◆ Exercise directions
Leave the pictures in the listing below aside and reproduce exactly the lines starting with the one with "英博伦青少年家居服宽松长袖男大童2025春秋新款睡衣套装纯棉a类" and going on through the one with "Отзывы на Розетка", both ends included.

◆ Working data
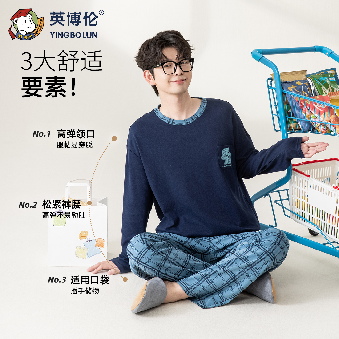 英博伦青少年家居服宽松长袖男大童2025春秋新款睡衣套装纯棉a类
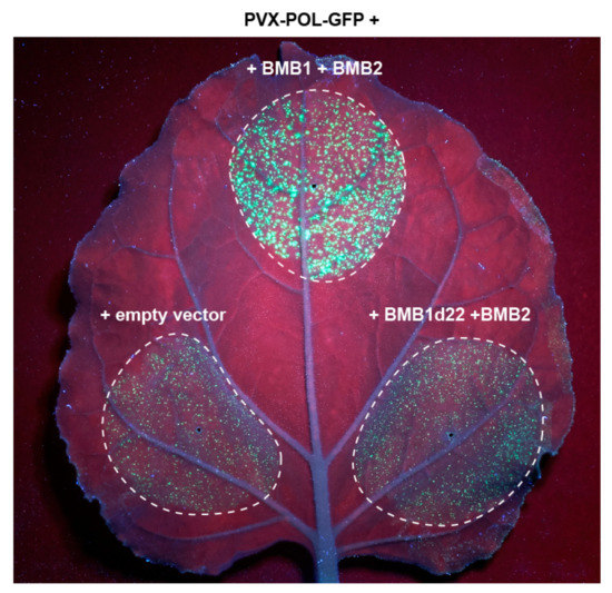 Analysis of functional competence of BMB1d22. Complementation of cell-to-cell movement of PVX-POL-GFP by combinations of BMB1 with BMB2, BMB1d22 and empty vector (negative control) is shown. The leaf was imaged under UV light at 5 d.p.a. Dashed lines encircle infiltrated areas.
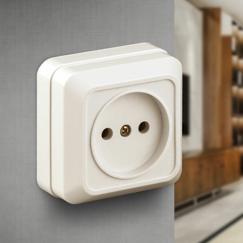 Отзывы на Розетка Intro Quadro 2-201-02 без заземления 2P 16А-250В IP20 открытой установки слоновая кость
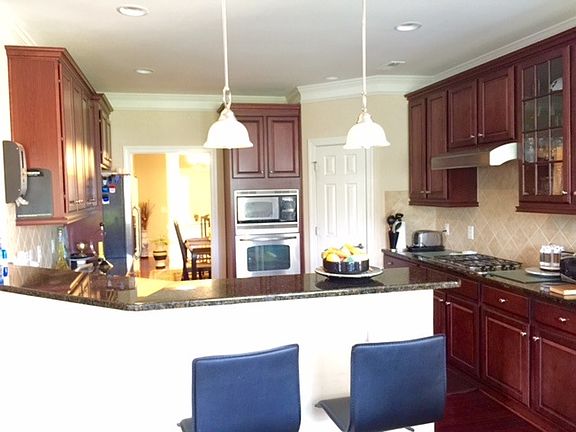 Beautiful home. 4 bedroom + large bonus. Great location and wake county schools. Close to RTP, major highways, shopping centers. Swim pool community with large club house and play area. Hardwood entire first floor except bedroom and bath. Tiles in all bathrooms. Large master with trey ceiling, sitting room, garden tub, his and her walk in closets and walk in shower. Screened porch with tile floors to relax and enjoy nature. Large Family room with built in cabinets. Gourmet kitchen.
* * *
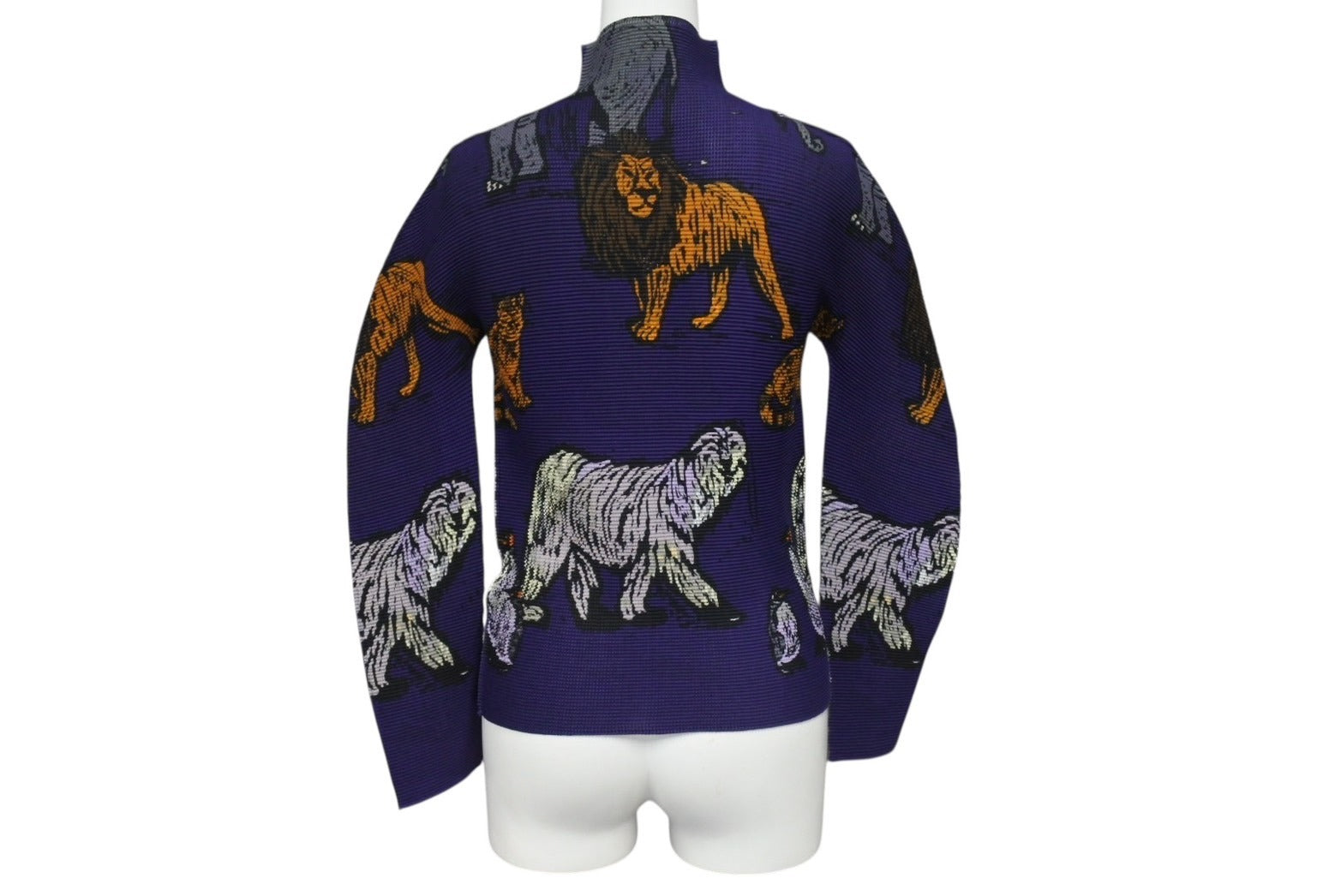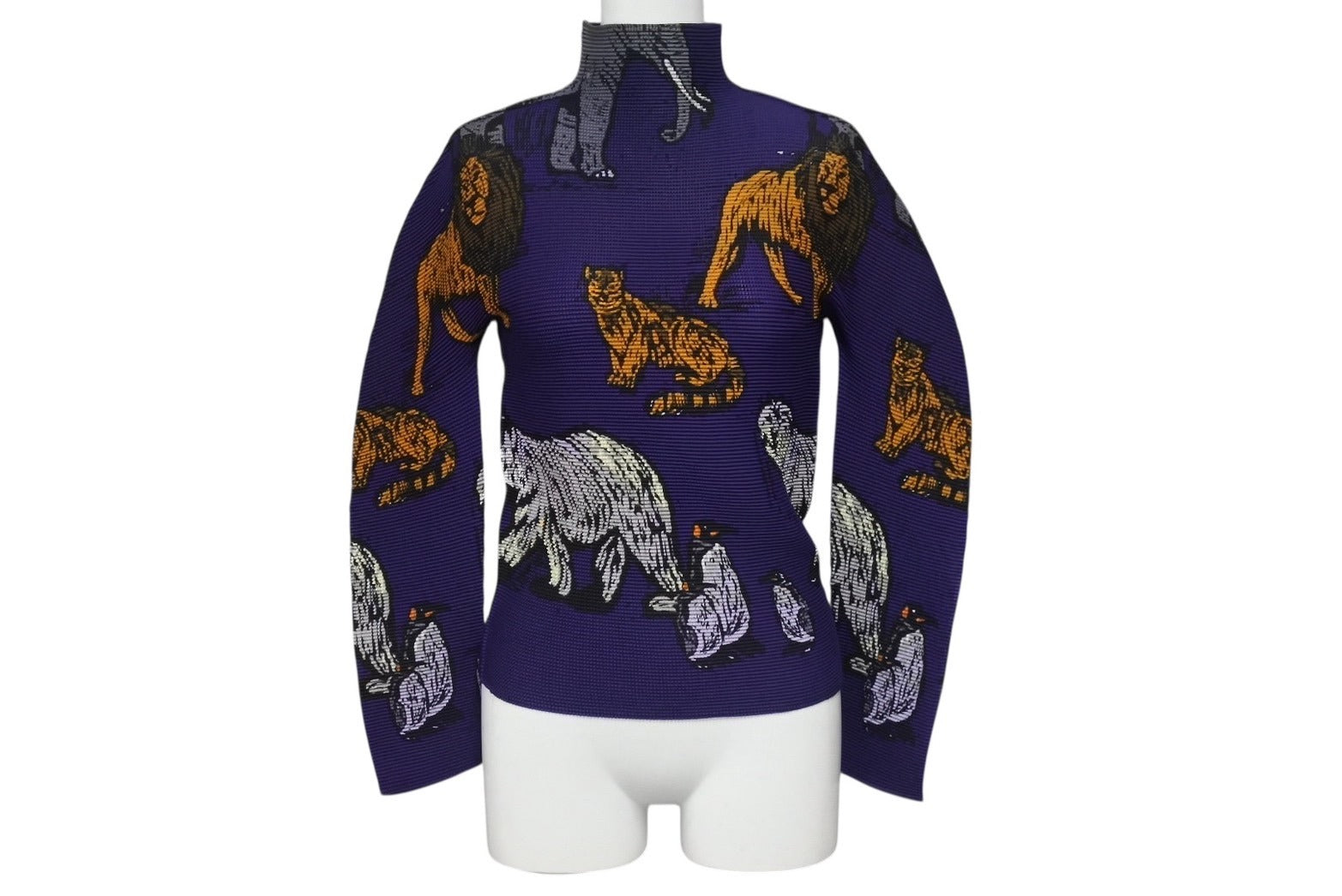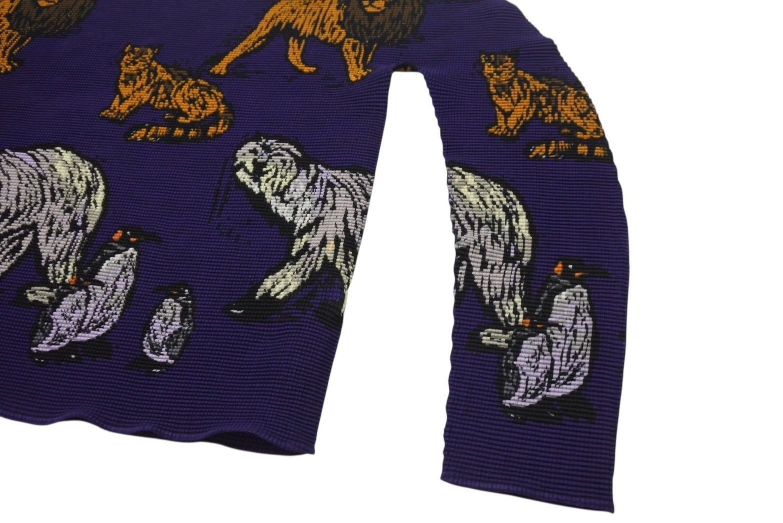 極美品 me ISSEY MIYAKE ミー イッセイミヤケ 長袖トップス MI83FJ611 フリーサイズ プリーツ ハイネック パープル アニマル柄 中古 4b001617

◆ Solved exercise
 英博伦青少年家居服宽松长袖男大童2025春秋新款睡衣套装纯棉a类
 Analysis of functional competence of BMB1d22. Complementation of cell-to-cell movement of PVX-POL-GFP by combinations of BMB1 with BMB2, BMB1d22 and empty vector (negative control) is shown. The leaf was imaged under UV light at 5 d.p.a. Dashed lines encircle infiltrated areas.
 Отзывы на Розетка Intro Quadro 2-201-02 без заземления 2P 16А-250В IP20 открытой установки слоновая кость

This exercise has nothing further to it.